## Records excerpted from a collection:
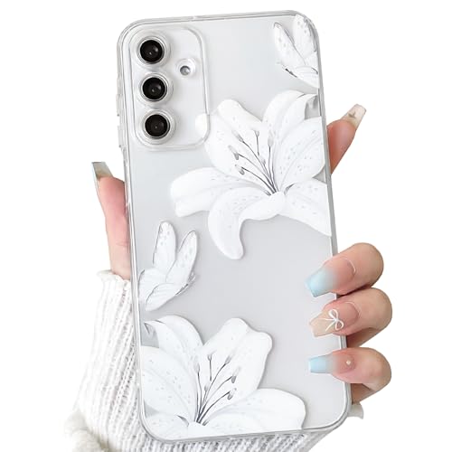 NITITOP Coque pour Samsung Galaxy S23FE Mignonne Transparente Fleur de Lys Floral et Papillon Motif Clair Aesthetic pour Femmes Fille Doux TPU Antichoc Housse de Protection - Blanc
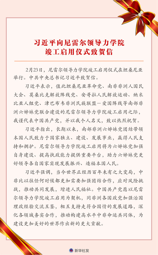 Як зазначив Сі Цзіньпін, КПК готова скористатися відкриттям Школи лідерства Джуліуса Ньєрере, як можливістю для активізації обміну досвідом у галузі державного управління з різними африканськими партіями, для взаємної підтримки у пошуку шляхів розвитку, що відповідають реаліям кожної з країн, для поглиблення практичної співпраці у всіх галузях, для сприяння формуванню китайсько-африканської спільноти єдиної долі високого рівня та для нового внеску у побудову кращого світу.
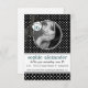 Convide amigos e família para a doce festa de aniversário de uma garota especial, com este convite de festas de bolinhas preto e branco! Carregue sua própria fotografia de aniversariante favorita e sua posição/tamanho, conforme necessário, para preencher a área do círculo. bolinhas negras e brancas doces e espinhosas são acentuadas com uma bonito faixa e arco de aparência brilhante em preto e prateado, e um círculo com anel duplo com texto verde preto e preto e branco anunciando um doce 16. Quatro áreas de texto personalizáveis para suas informações de participante.
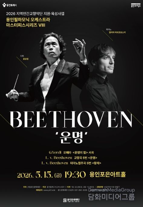 시민행정신문 기자 | 용인문화재단은 오는 5월 15일 오후 7시 30분 용인포은아트홀에서 ‘2026년 지역민간교향악단 지원·육성사업’의 첫 공연으로 용인필하모닉오케스트라의 기획공연 '마스터피스 시리즈 Ⅷ - 베토벤 ‘운명’'을 선보인다.
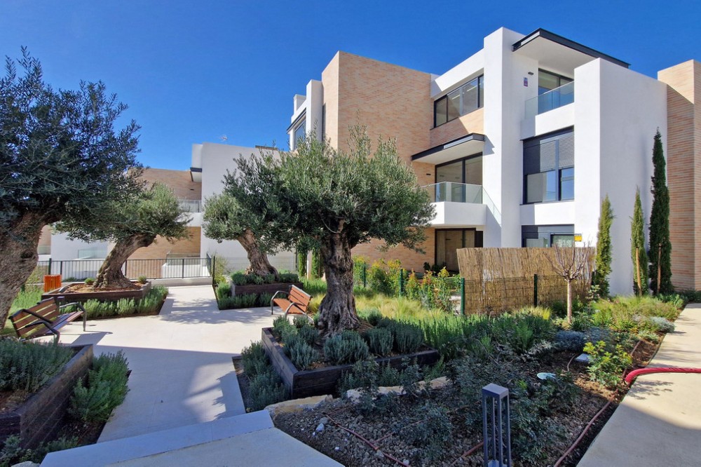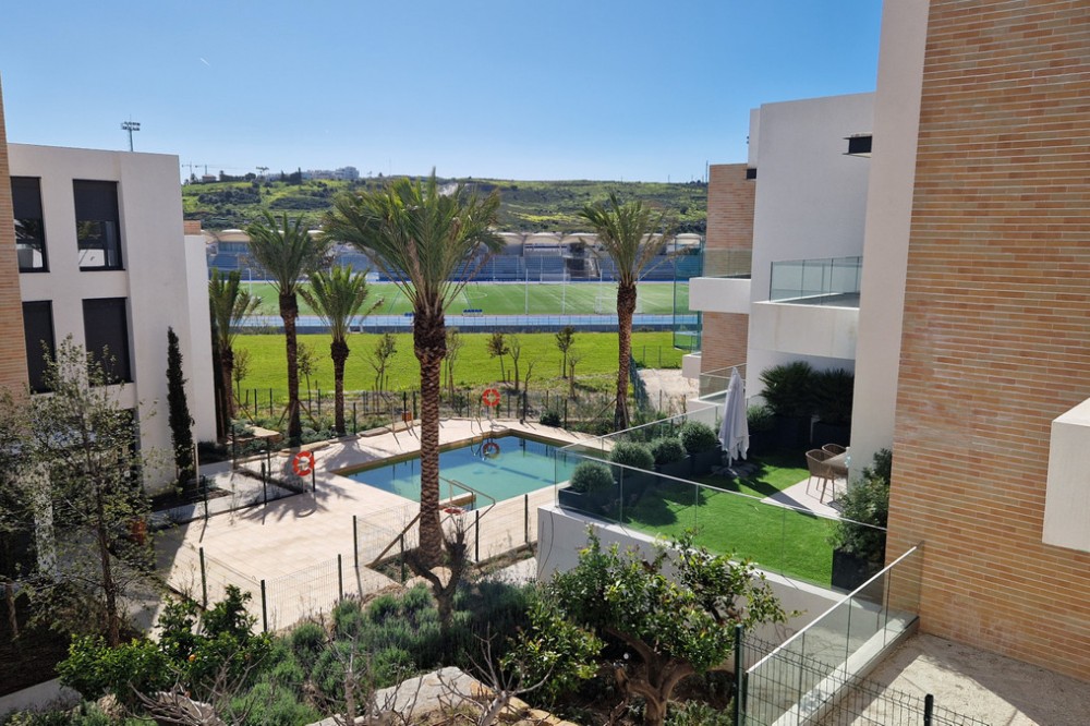 • Fantastic brand new 3-bedroom apartment on the ground floor of the newly built complex in Residencial Senda, in the town centre of Estepona. It is a modern gated complex with only 34 apartments, in a privileged area next to the new Auditorium, with everything within walking distance to supermarkets, schools, restaurants, green areas and sports centres without having to rely on a car. The beach, the promenade and the charming old town of Estepona are just a few minutes' walk away. It also has easy access by road to Marbella or the airports of Malaga and Gibraltar via the A7 motorway. The property has three bedrooms and two bathrooms, one of which is en suite, a living room and a modern open-plan kitchen with direct access to a large terrace and a 27 m² private garden, ideal for enjoying and relaxing outdoors. It also includes a parking space and a storage room. The communal areas of Residencial Senda feature a swimming pool surrounded by beautiful gardens designed by landscape architect Mathieu Lèbre, a fitness area and recreational areas.
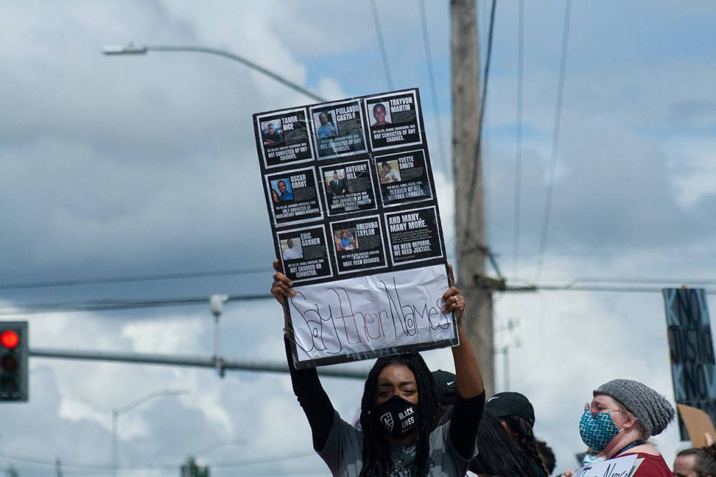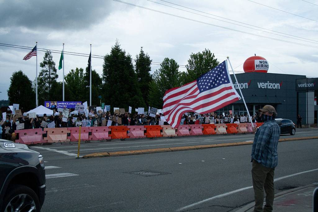 Organizer Sarah Griggs said that while she was surprised by the turnout last time, the dour weather and 24-hour notice didn’t help. This week, however, several hundred protestors displayed solidarity with the Black Lives Matter movement — so many that the protestors spilled from the orange barricades that lined Beeksma Gateway Park at the intersection of State Highway 20 and Beeksma Drive.
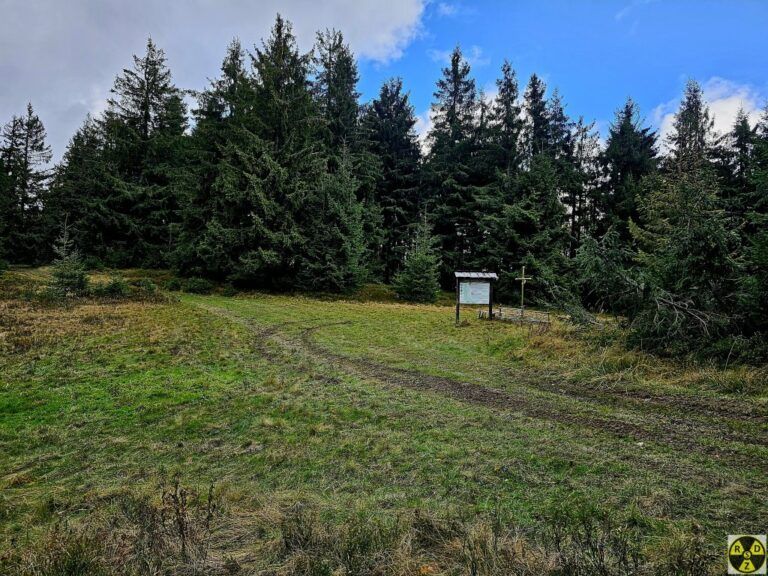 Ориентиром через несколько сотен метров должна стать хижина и крест. Это будет та самая граница трех областей (Перекрестное) и туристический приют на ней.
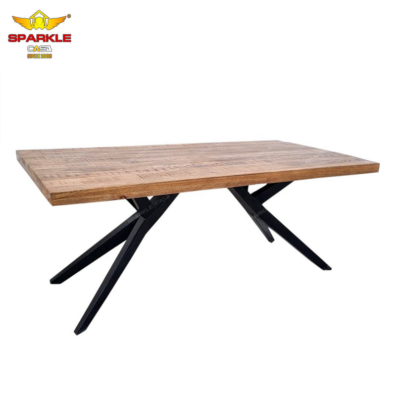 เฟอร์นิเจอร์ห้องอาหารสไตล์โมเดิร์นอินดัสเทรียล โต๊ะอาหารทรงสี่เหลี่ยมผืนผ้า ทำจากเหล็กและไม้มะม่วงแท้ สำหรับใช้ในโรงแรม
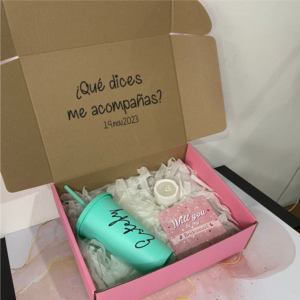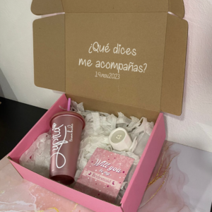 - Caja personalizada con nombre por fuera y mensaje interior 30*30*9.5
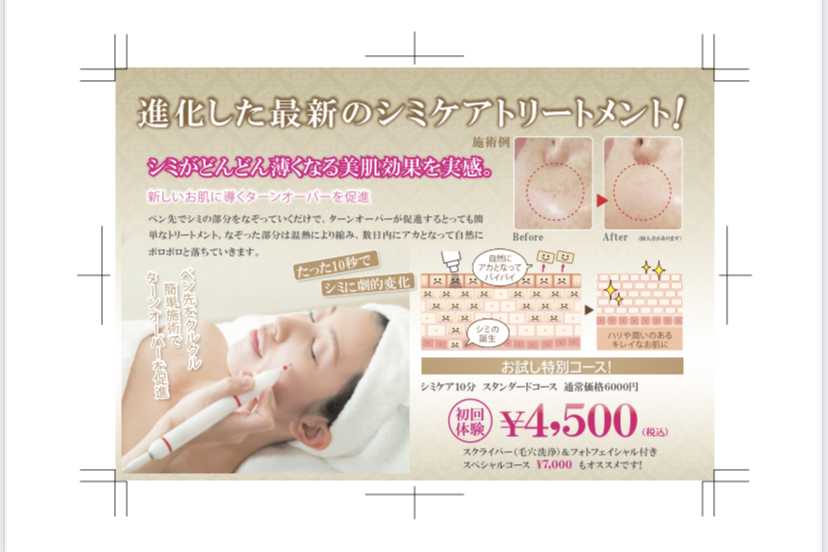 以前からお知らせしている『シミケア』の体験価格&料金表が出来上がりました!!!
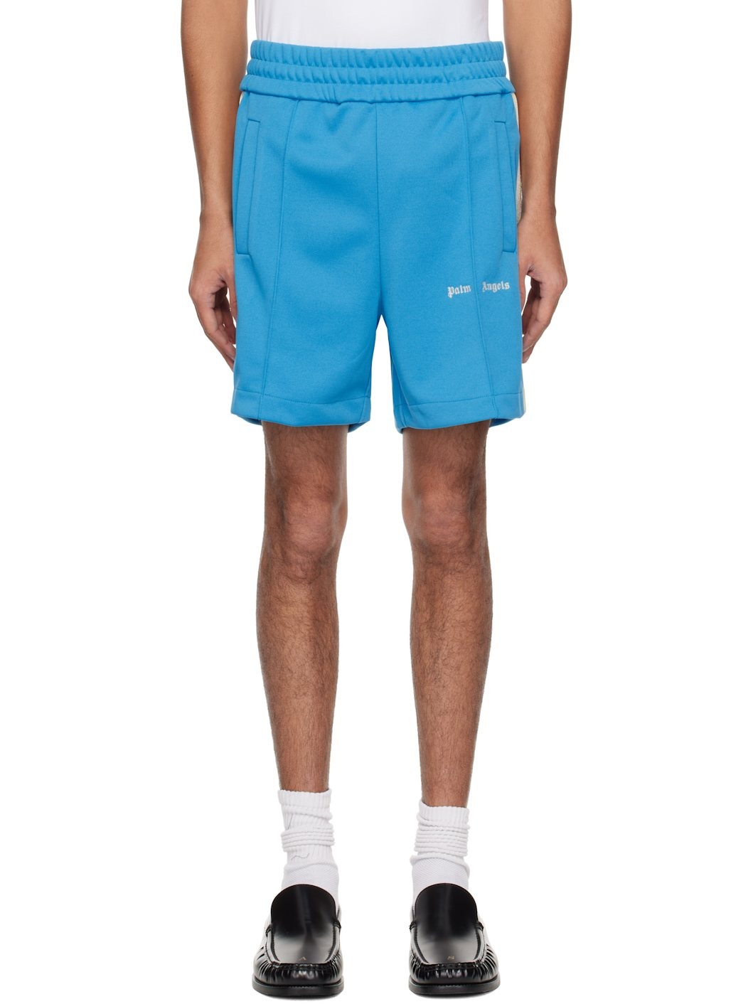 Polyester jersey shorts. · Elasticized waistband · Two-pocket styling · Pinched seam at legs · Embroidered logo at leg · Striped trim at outseams Supplier color: Light blue/Off white 100% polyester. Made in Portugal 251695M193017
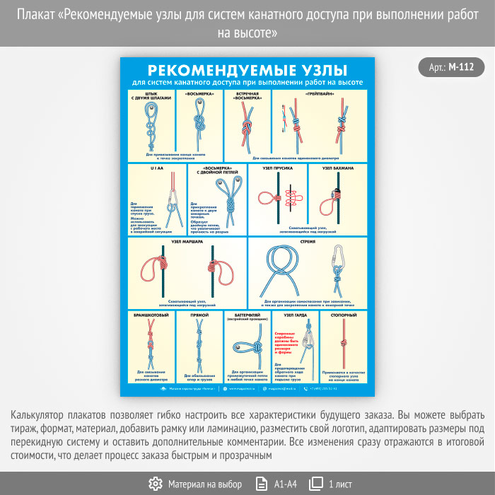 Плакат «Рекомендуемые узлы для систем канатного доступа при выполнении работ на высоте» (М-112, 1 лист)
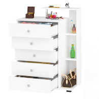 Классическая форма комода с пятью выдвижными ящиками креативно дополнена узкой открытой нишей с тремя полками и верхней полочкой. Ящики расположены с левой стороны комода, закреплены на металлических роликовых направляющих, обеспечивающих прямой, лёгкий ход. Универсальная сборка не предусмотрена.Фурнитура высоких стандартов. Ящики закреплены на металлических роликовых направляющих, обеспечивающих прямой, лёгкий ход. В производстве спальни Камелия использована фурнитура высоких стандартов, ящики модулей установлены на роликовые направляющие. Выполнен из ЛДСП мм, края закромлены плёнкой ПВХ, хромированная труба 25 мм. Поставляется в разобранном виде, надёжно упакованным, в комплекте с фурнитурой и инструкцией по сборке. Элемент из набора мебели для спальни Камелия.
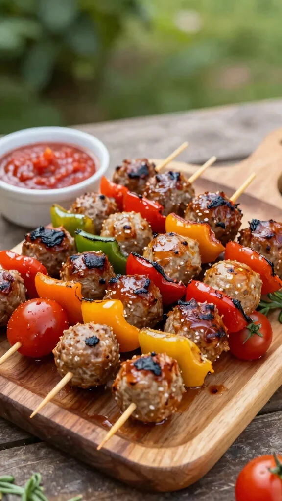These Italian meatball skewers are perfect for parties or a fun weeknight dinner! Simply thread cooked meatballs onto skewers with cherry tomatoes, bell peppers, and zucchini for a colorful and delicious meal.

## Problem to work on:
Quote, please, only the lines running from the one with "Polyester jersey shorts." down to the final line of the data above, keeping both ends and skipping the pictures.

## Written solution:
 Polyester jersey shorts. · Elasticized waistband · Two-pocket styling · Pinched seam at legs · Embroidered logo at leg · Striped trim at outseams Supplier color: Light blue/Off white 100% polyester. Made in Portugal 251695M193017
 Плакат «Рекомендуемые узлы для систем канатного доступа при выполнении работ на высоте» (М-112, 1 лист)
 Классическая форма комода с пятью выдвижными ящиками креативно дополнена узкой открытой нишей с тремя полками и верхней полочкой. Ящики расположены с левой стороны комода, закреплены на металлических роликовых направляющих, обеспечивающих прямой, лёгкий ход. Универсальная сборка не предусмотрена.Фурнитура высоких стандартов. Ящики закреплены на металлических роликовых направляющих, обеспечивающих прямой, лёгкий ход. В производстве спальни Камелия использована фурнитура высоких стандартов, ящики модулей установлены на роликовые направляющие. Выполнен из ЛДСП мм, края закромлены плёнкой ПВХ, хромированная труба 25 мм. Поставляется в разобранном виде, надёжно упакованным, в комплекте с фурнитурой и инструкцией по сборке. Элемент из набора мебели для спальни Камелия.
These Italian meatball skewers are perfect for parties or a fun weeknight dinner! Simply thread cooked meatballs onto skewers with cherry tomatoes, bell peppers, and zucchini for a colorful and delicious meal.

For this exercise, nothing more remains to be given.